The problem addressed by certain embodiments of the present invention is therefore that of specifying a very simple process for preparing fatty acids by hydrolysis of fatty acid alkyl esters at high temperature and high pressure in the liquid phase without addition of external substances extraneous to the process as homogeneous or heterogeneous catalysts, in which the abovementioned disadvantages occur only to a minor degree, if at all.


This problem is solved by a process and a plant having the features as disclosed herein.

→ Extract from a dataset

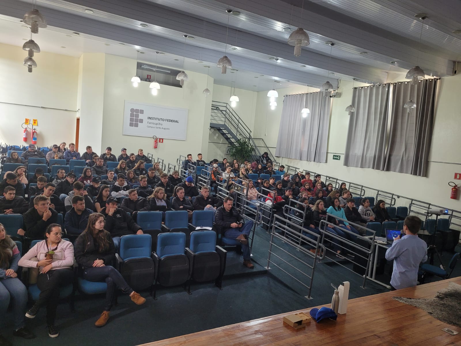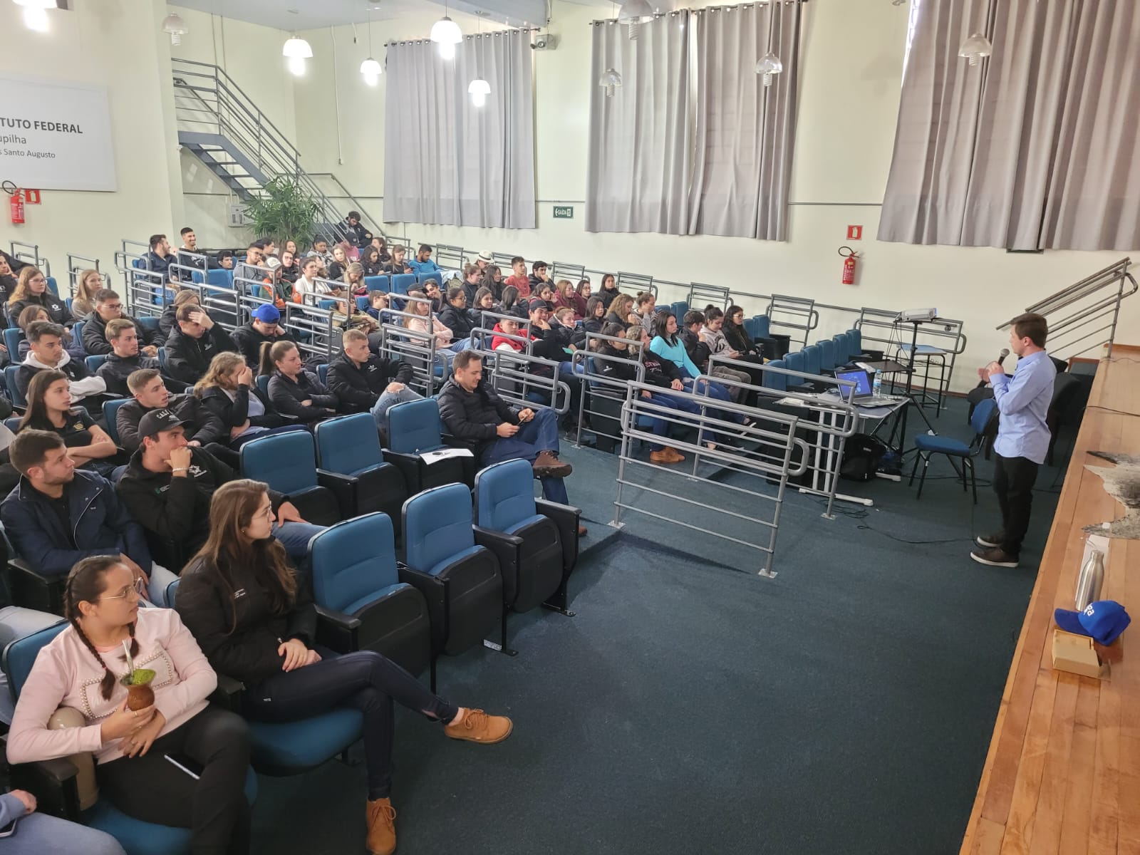 Na tarde desta quinta-feira, 15 de setembro, os estudantes do 8º semestre do curso de Bacharelado em Agronomia e do 2° e 3° ano do curso Técnico em Agropecuária, participaram de uma palestra com o representante da empresa Irriga Global, o Agrônomo Guilherme Masarro Araujo, com o tema “Manejo da Irrigação”. A atividade foi organizada pela professora Cristine da Fonseca, responsável pela disciplina de Irrigação e Drenagem.

Process According to an Embodiment of the Invention:


Process for preparing fatty acids by hydrolysis of fatty acid alkyl esters, especially fatty acid methyl esters (FAME), or of fatty acid triglycerides, can include the following steps:

  • a) providing the fatty acid alkyl esters or the fatty acid triglycerides,
  • b) reacting the fatty acid alkyl esters or the fatty acid triglycerides with water under hydrolysis conditions at temperatures of at least 200° C., where the pressure is chosen such that the water is in the liquid phase and where no external substance extraneous to the process is added as homogeneous or heterogeneous catalyst,
  • c) discharging a hydrolysis product comprising free fatty acids (FFA), water, unconverted fatty acid alkyl esters and the corresponding alkanol, especially methanol, or unconverted fatty acid triglycerides and glycerol,
  • d) feeding the hydrolysis product to a phase separation apparatus and separating the hydrolysis product under phase separation conditions into a light phase comprising free fatty acids and unconverted fatty acid alkyl esters or unconverted fatty acid triglycerides and a heavy phase comprising water and methanol or glycerol,
  • e) feeding the light phase into a first separation apparatus that works by a thermal separation process and separating the light phase into a first separation product enriched in free fatty acids and a second separation product enriched in unconverted fatty acid alkyl esters or in unconverted fatty acid triglycerides, the separation being conducted in such a way that the second separation product further comprises a proportion of free fatty acids,
  • f) discharging the first separation product as FFA product, and
  • g) recycling at least a portion of the second separation product to reaction step b).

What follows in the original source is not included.